Task instructions:
Repeat the entire listing exactly. Omit all pictures.

[Source data Boundary: Start]

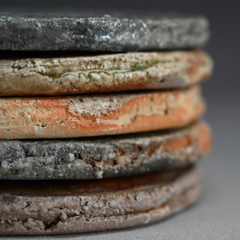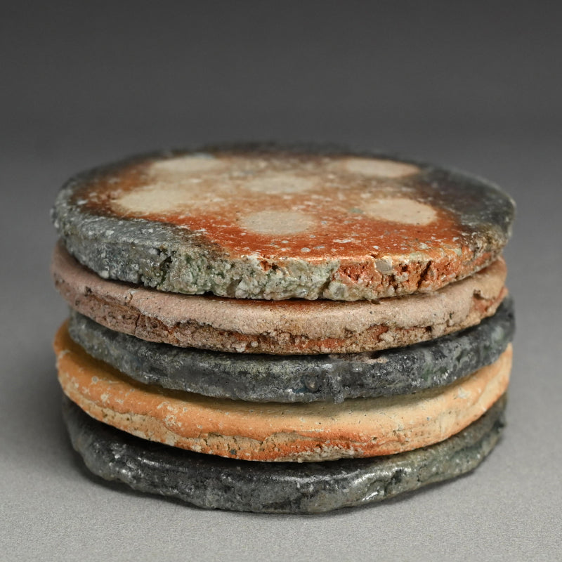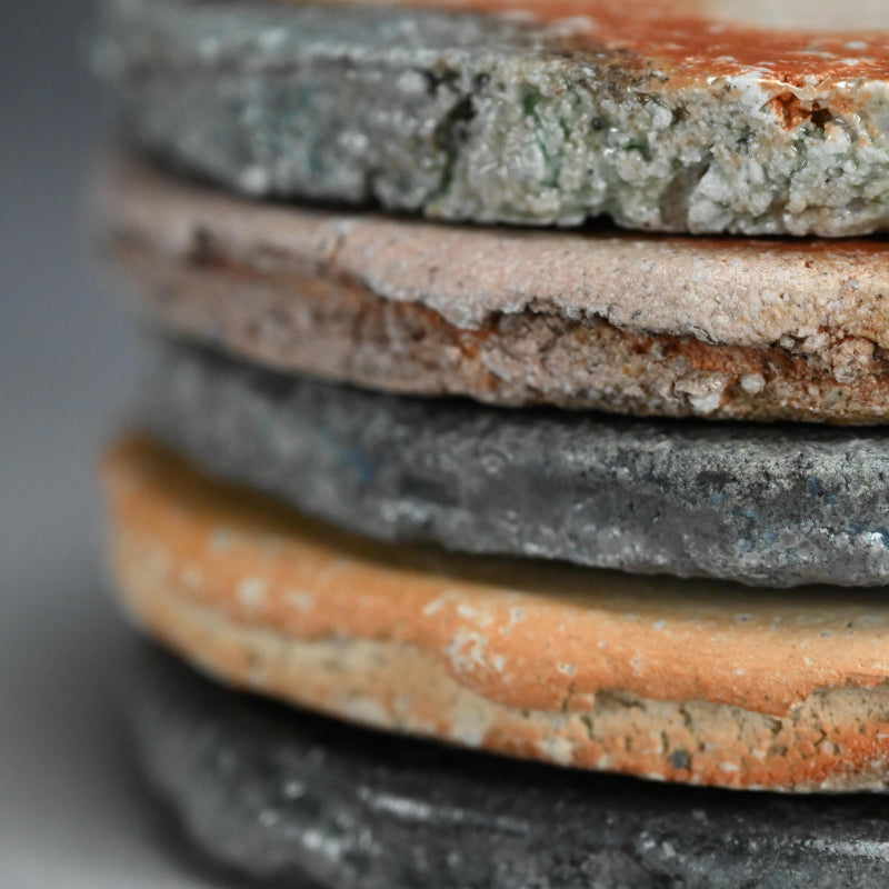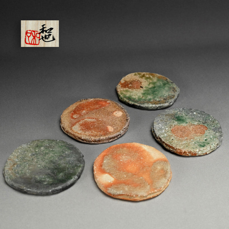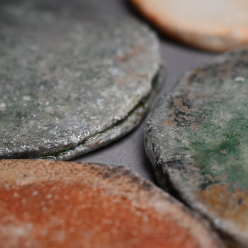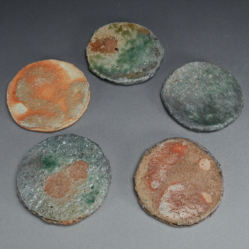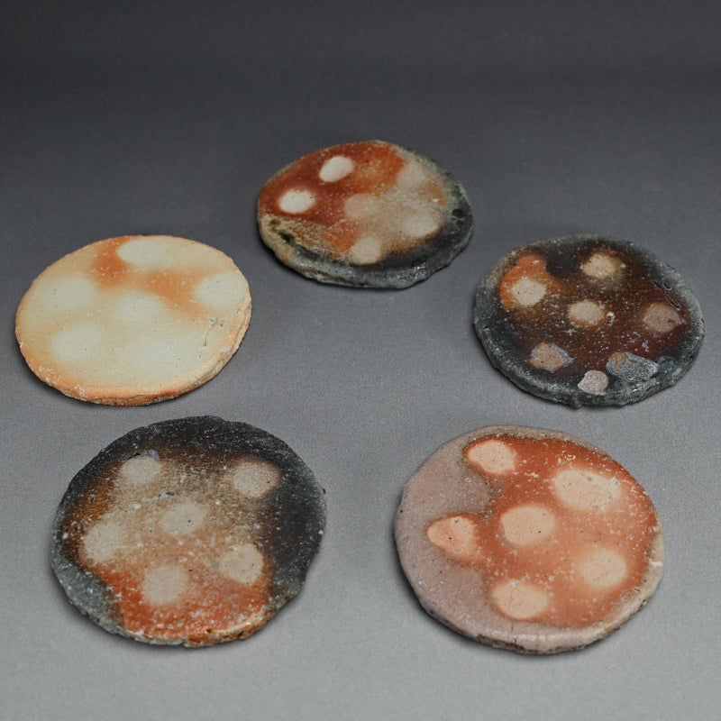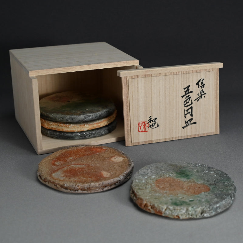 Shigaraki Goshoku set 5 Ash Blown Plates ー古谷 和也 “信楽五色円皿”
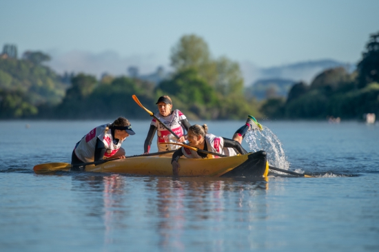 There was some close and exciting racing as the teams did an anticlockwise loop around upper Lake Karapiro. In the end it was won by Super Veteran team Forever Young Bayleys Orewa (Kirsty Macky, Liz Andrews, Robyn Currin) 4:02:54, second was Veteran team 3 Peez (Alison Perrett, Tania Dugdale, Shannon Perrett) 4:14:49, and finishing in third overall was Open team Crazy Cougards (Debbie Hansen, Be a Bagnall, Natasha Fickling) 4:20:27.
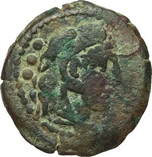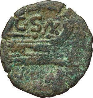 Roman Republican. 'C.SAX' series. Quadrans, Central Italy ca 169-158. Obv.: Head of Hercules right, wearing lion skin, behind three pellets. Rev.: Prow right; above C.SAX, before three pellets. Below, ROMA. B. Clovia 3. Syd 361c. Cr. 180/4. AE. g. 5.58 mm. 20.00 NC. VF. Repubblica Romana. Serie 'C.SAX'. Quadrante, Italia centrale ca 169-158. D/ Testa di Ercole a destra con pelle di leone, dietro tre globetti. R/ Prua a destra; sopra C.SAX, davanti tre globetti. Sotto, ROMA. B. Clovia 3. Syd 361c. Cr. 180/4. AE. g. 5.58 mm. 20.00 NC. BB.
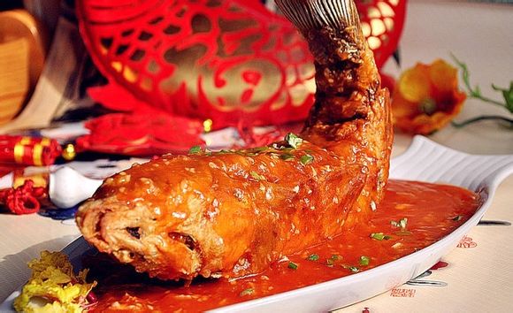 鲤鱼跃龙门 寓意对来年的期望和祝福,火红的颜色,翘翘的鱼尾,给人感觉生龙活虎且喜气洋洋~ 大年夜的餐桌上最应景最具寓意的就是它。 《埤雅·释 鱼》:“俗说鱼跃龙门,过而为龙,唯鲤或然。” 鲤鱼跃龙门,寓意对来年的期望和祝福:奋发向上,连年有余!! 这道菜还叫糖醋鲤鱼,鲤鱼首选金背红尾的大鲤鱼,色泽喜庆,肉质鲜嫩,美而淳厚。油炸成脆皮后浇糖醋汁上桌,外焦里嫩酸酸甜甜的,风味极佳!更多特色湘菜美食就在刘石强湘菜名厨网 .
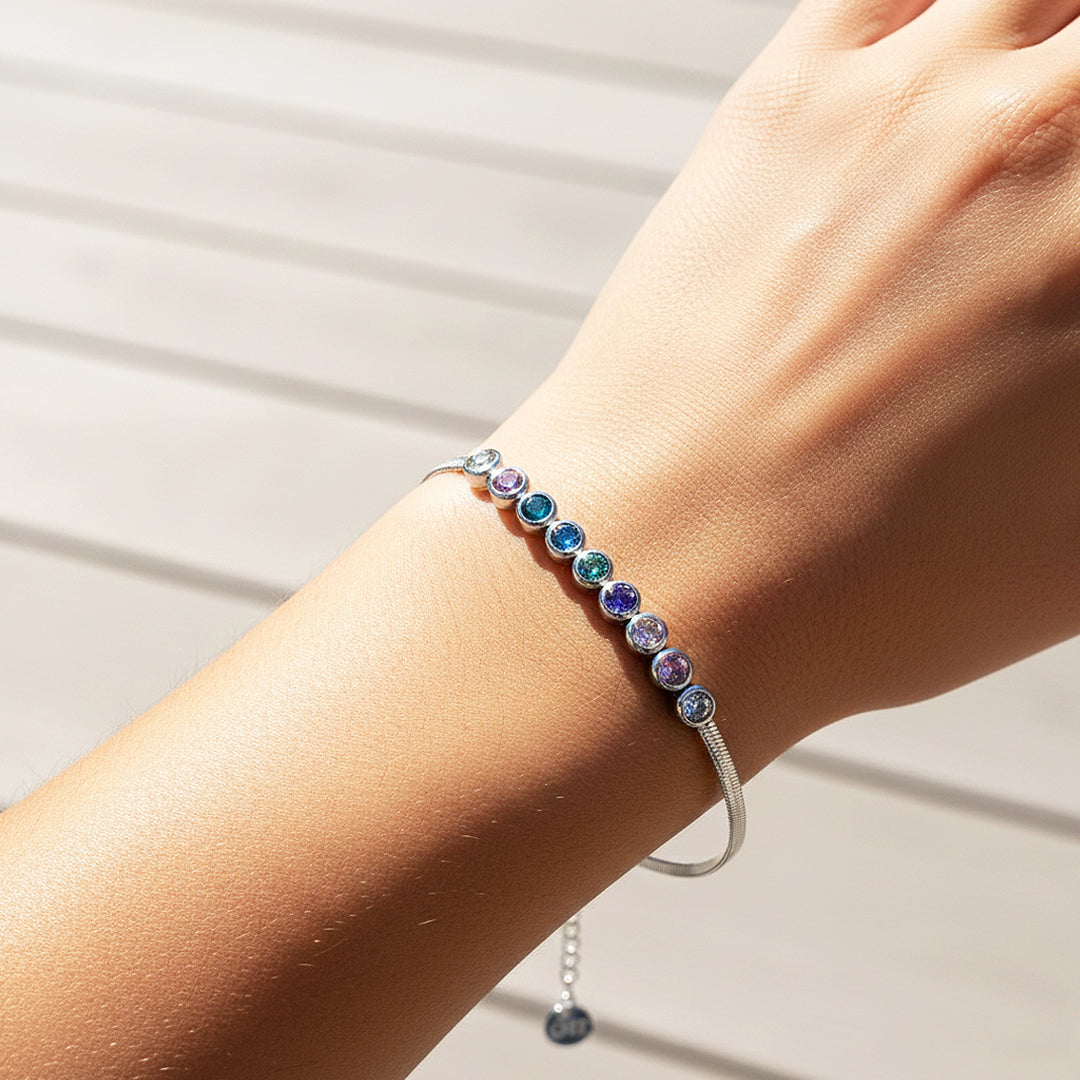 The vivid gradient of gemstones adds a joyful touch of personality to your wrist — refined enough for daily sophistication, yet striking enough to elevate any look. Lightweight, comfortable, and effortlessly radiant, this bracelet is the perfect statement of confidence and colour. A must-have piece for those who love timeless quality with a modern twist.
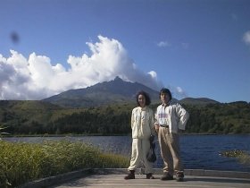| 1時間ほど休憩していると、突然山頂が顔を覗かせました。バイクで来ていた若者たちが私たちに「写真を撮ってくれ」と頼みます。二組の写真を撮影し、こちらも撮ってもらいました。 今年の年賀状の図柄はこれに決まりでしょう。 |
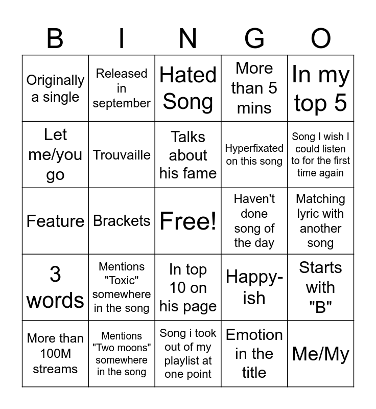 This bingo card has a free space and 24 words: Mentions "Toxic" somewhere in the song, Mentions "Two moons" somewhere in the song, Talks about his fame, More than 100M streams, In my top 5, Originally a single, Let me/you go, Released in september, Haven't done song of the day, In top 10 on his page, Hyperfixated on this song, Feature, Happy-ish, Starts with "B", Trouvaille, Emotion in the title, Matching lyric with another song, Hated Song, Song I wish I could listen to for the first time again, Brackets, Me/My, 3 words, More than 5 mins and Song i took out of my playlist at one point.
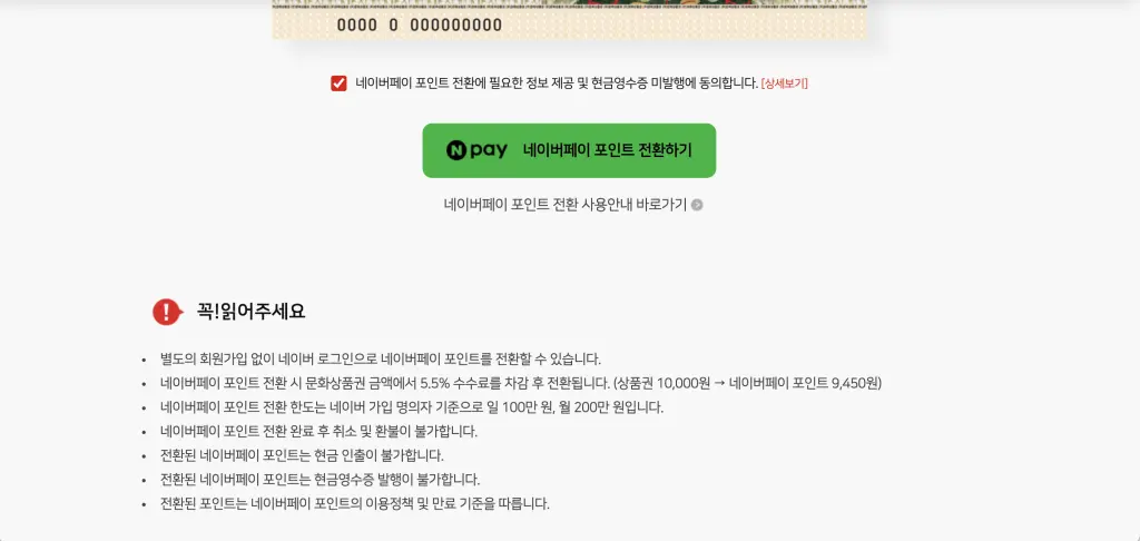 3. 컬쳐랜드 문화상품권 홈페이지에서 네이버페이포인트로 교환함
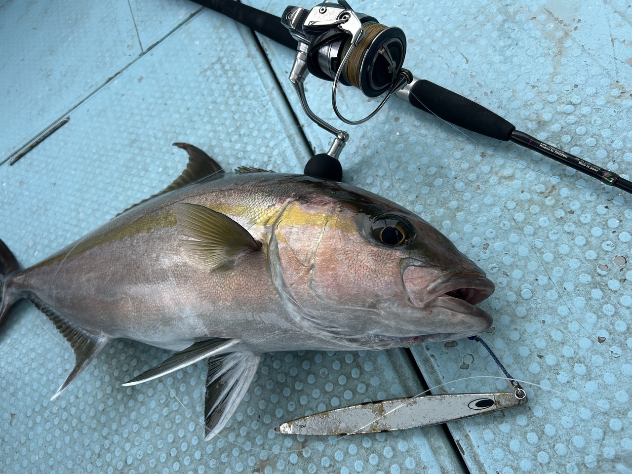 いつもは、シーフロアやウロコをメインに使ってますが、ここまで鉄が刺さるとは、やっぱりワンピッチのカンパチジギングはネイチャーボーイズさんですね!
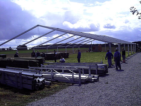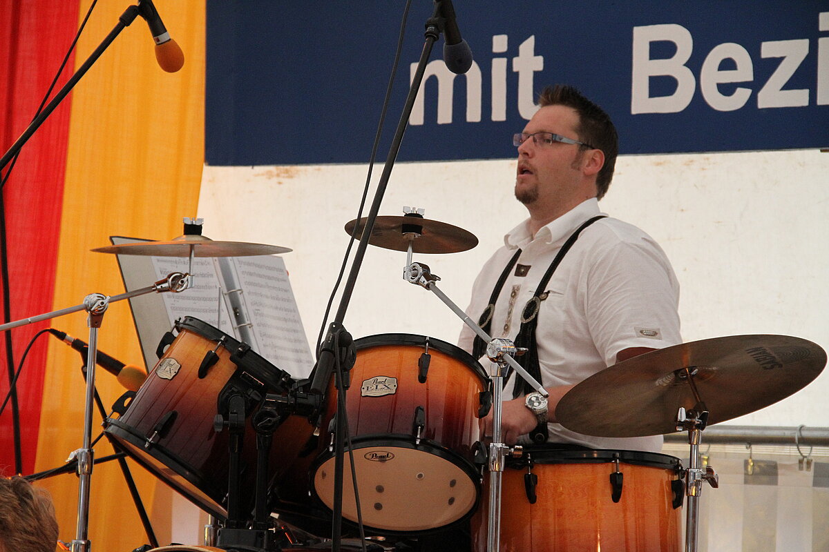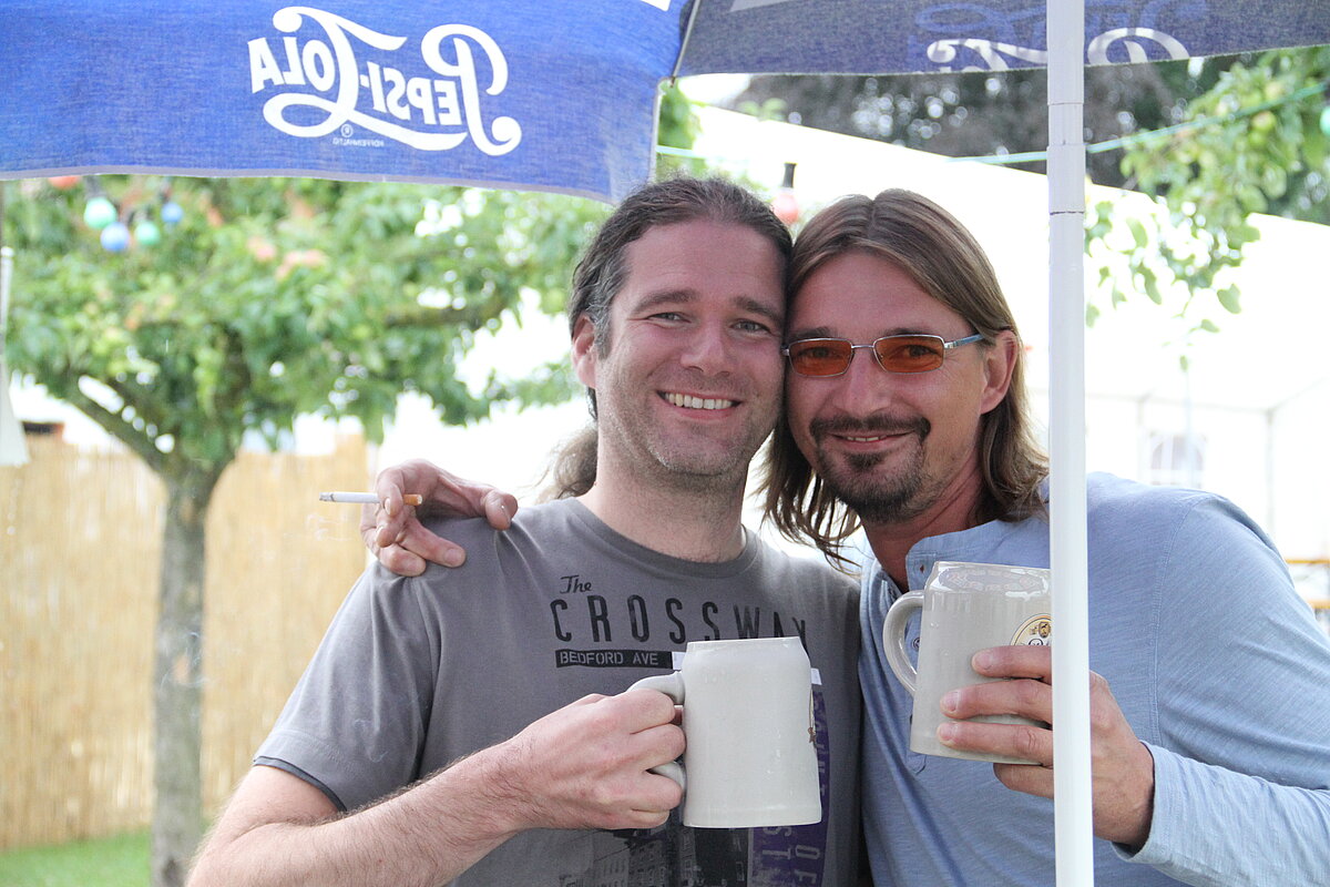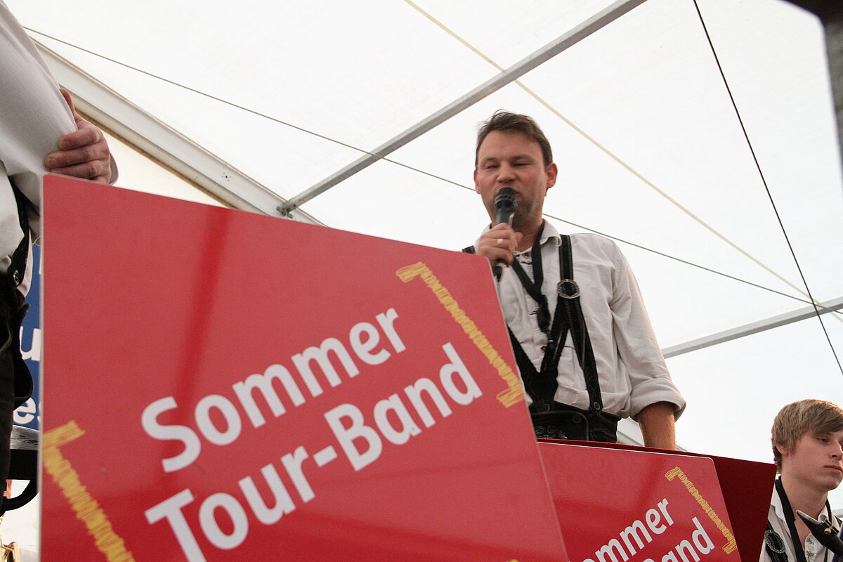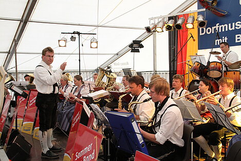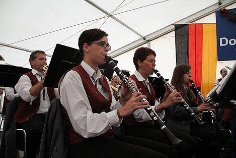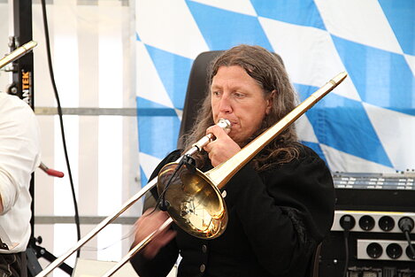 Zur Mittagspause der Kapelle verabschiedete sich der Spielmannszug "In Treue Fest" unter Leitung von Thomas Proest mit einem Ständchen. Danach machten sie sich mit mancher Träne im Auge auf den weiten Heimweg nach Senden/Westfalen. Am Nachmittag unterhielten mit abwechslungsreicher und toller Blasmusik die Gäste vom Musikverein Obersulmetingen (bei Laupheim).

[Source data Boundary: End]

Finished task:
 Shigaraki Goshoku set 5 Ash Blown Plates ー古谷 和也 “信楽五色円皿”
 There was some close and exciting racing as the teams did an anticlockwise loop around upper Lake Karapiro. In the end it was won by Super Veteran team Forever Young Bayleys Orewa (Kirsty Macky, Liz Andrews, Robyn Currin) 4:02:54, second was Veteran team 3 Peez (Alison Perrett, Tania Dugdale, Shannon Perrett) 4:14:49, and finishing in third overall was Open team Crazy Cougards (Debbie Hansen, Be a Bagnall, Natasha Fickling) 4:20:27.
 Roman Republican. 'C.SAX' series. Quadrans, Central Italy ca 169-158. Obv.: Head of Hercules right, wearing lion skin, behind three pellets. Rev.: Prow right; above C.SAX, before three pellets. Below, ROMA. B. Clovia 3. Syd 361c. Cr. 180/4. AE. g. 5.58 mm. 20.00 NC. VF. Repubblica Romana. Serie 'C.SAX'. Quadrante, Italia centrale ca 169-158. D/ Testa di Ercole a destra con pelle di leone, dietro tre globetti. R/ Prua a destra; sopra C.SAX, davanti tre globetti. Sotto, ROMA. B. Clovia 3. Syd 361c. Cr. 180/4. AE. g. 5.58 mm. 20.00 NC. BB.
 鲤鱼跃龙门 寓意对来年的期望和祝福,火红的颜色,翘翘的鱼尾,给人感觉生龙活虎且喜气洋洋~ 大年夜的餐桌上最应景最具寓意的就是它。 《埤雅·释 鱼》:“俗说鱼跃龙门,过而为龙,唯鲤或然。” 鲤鱼跃龙门,寓意对来年的期望和祝福:奋发向上,连年有余!! 这道菜还叫糖醋鲤鱼,鲤鱼首选金背红尾的大鲤鱼,色泽喜庆,肉质鲜嫩,美而淳厚。油炸成脆皮后浇糖醋汁上桌,外焦里嫩酸酸甜甜的,风味极佳!更多特色湘菜美食就在刘石强湘菜名厨网 .
 The vivid gradient of gemstones adds a joyful touch of personality to your wrist — refined enough for daily sophistication, yet striking enough to elevate any look. Lightweight, comfortable, and effortlessly radiant, this bracelet is the perfect statement of confidence and colour. A must-have piece for those who love timeless quality with a modern twist.
| 1時間ほど休憩していると、突然山頂が顔を覗かせました。バイクで来ていた若者たちが私たちに「写真を撮ってくれ」と頼みます。二組の写真を撮影し、こちらも撮ってもらいました。 今年の年賀状の図柄はこれに決まりでしょう。 |
 This bingo card has a free space and 24 words: Mentions "Toxic" somewhere in the song, Mentions "Two moons" somewhere in the song, Talks about his fame, More than 100M streams, In my top 5, Originally a single, Let me/you go, Released in september, Haven't done song of the day, In top 10 on his page, Hyperfixated on this song, Feature, Happy-ish, Starts with "B", Trouvaille, Emotion in the title, Matching lyric with another song, Hated Song, Song I wish I could listen to for the first time again, Brackets, Me/My, 3 words, More than 5 mins and Song i took out of my playlist at one point.
 3. 컬쳐랜드 문화상품권 홈페이지에서 네이버페이포인트로 교환함
 いつもは、シーフロアやウロコをメインに使ってますが、ここまで鉄が刺さるとは、やっぱりワンピッチのカンパチジギングはネイチャーボーイズさんですね!
 Zur Mittagspause der Kapelle verabschiedete sich der Spielmannszug "In Treue Fest" unter Leitung von Thomas Proest mit einem Ständchen. Danach machten sie sich mit mancher Träne im Auge auf den weiten Heimweg nach Senden/Westfalen. Am Nachmittag unterhielten mit abwechslungsreicher und toller Blasmusik die Gäste vom Musikverein Obersulmetingen (bei Laupheim).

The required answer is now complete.